Hi, i had to solve a some series and i had no problem except for this one

[tex]\sum\frac{6}{4n^2+1}[/tex] from 1 to infinity


The Attempt at a Solution



i've tried to do it by simple fractions didn't work, it's no geometric,hipergeometric, telescopic.

All exercices had "nice" solutions meaning they were round numbers or fractions, so i solved this one with mathematica and gave me an "ugly" solution wich is
[tex]\frac{3}{2}\left(-2 + \pi coth (\frac{\pi}{2})\right)[/tex]

So i though maybe is a typo and its actually [tex]\sum\frac{6}{4n^2-1}[/tex] from 1 to infinity, so i did this one by simple fractions and gave me 3, but i still want to learn how to solve the original, i wanna know how can be the coth function in the solution!

Thx for the help

Homework Statement





Homework Equations





The Attempt at a Solution

 

Answers and Replies

  • #2
351
1
This series can be summed using the method of complex residues.
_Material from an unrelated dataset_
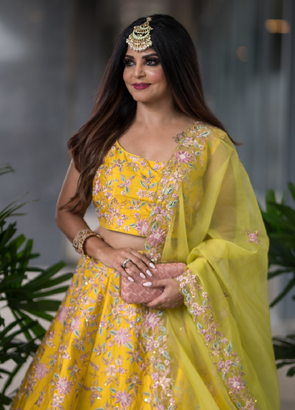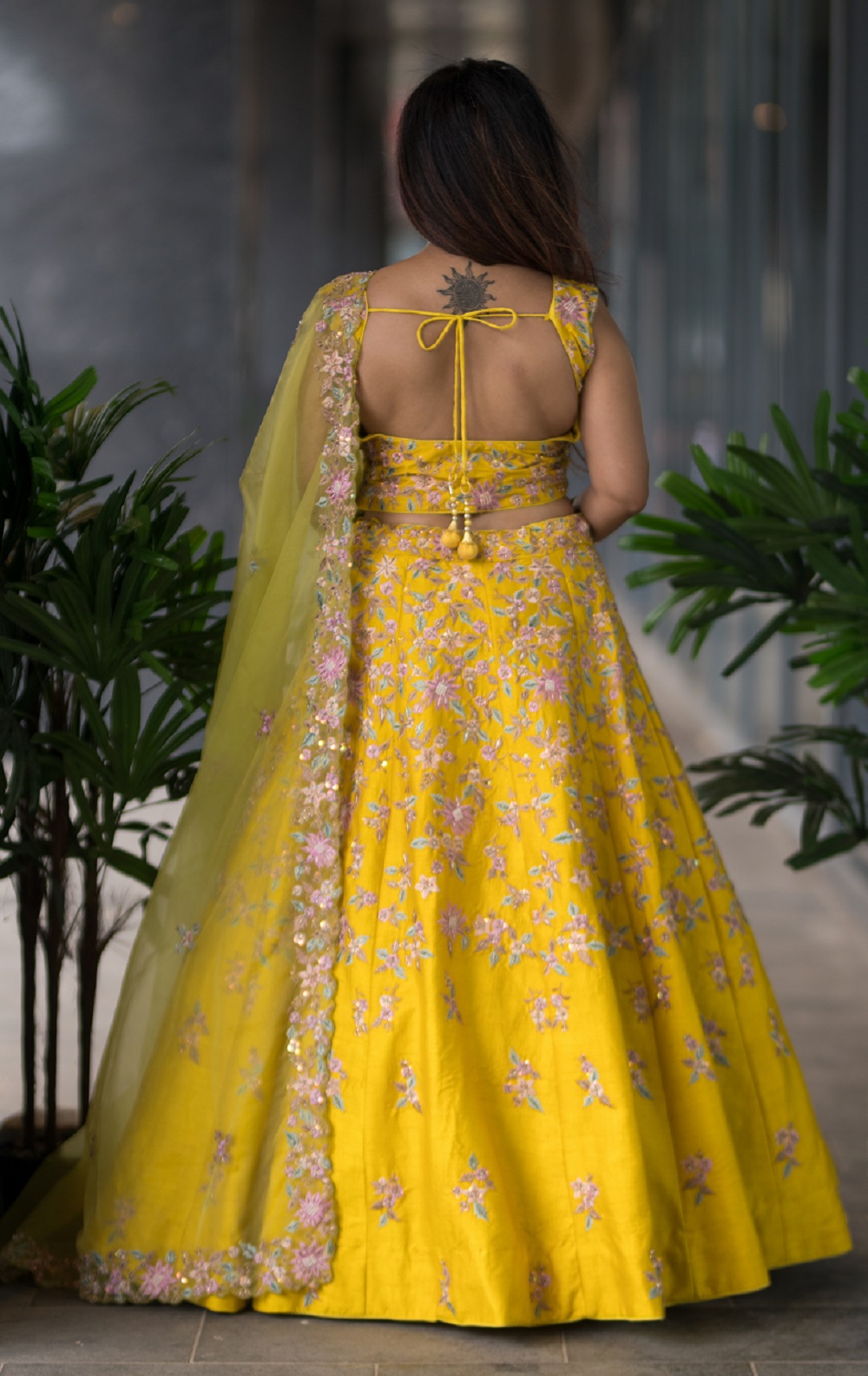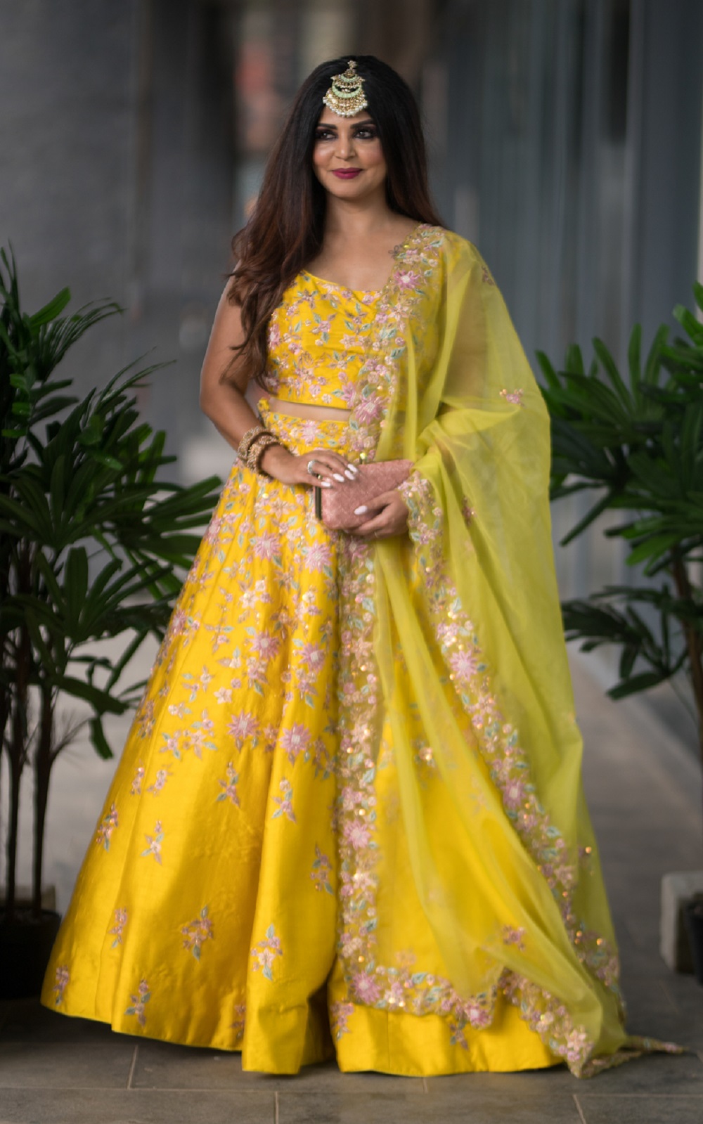 A beautiful Yellow lehenga featuring intricate floral thread work, paired with a matching blouse and a lime green dupatta, creating a vibrant and elegant ensemble.

Basically if you have a function f(z) that satisfies some weak criteria and an associated series as a function of n in the integers, you get:

[tex] \sum_{k=-\infty}^{\infty} f(n) = -\pi \sum res \left[\cot (\pi z) f(z) \right] [/tex]
at the poles of f(z).
 
  • #3
22,089
3,293
This series can be summed using the method of complex residues.

Basically if you have a function f(z) that satisfies some weak criteria and an associated series as a function of n in the integers, you get:

[tex] \sum_{k=-\infty}^{\infty} f(n) = -\pi \sum res \left[\cot (\pi z) f(z) \right] [/tex]
at the poles of f(z).
Wow, that looks interesting! Do you have a reference for that?
 
  • #4
23
0
Thanks, then its a typo for sure because we didnt took that method in calculus I.

Thanks again
 
  • #5
351
1
Wow, that looks interesting! Do you have a reference for that?
http://scipp.ucsc.edu/~haber/archives/physics116A06/Sixways.pdf p.12-15 outlines the method.

The quick version:
Basically you draw a square with vertices [itex] \pm (N + 1/2) \pm i(N + 1/2) [/itex]. Then you show that the integral of [itex]f(z)cot(\pi z)[/itex] around the square goes to zero as N-> inf. So then you get that [itex]f(z)cot(\pi z)[/itex] has poles at all the integers and at the poles of f(z). At the integers, the residue is [itex]1/ \pi [/itex]. So you get that the integral is equal to [itex]1/ \pi \sum_{k=-N}^N f(n) [/itex] + the residues of [itex]f(z)cot(\pi z)[/itex] at the poles of f(z). Since the integral is zero, those two things must be equal, and the first one is the sum of the series as N->inf.
 
  • #6
22,089
3,293
Wow, that's an extremely interesting paper. Thanks a lot!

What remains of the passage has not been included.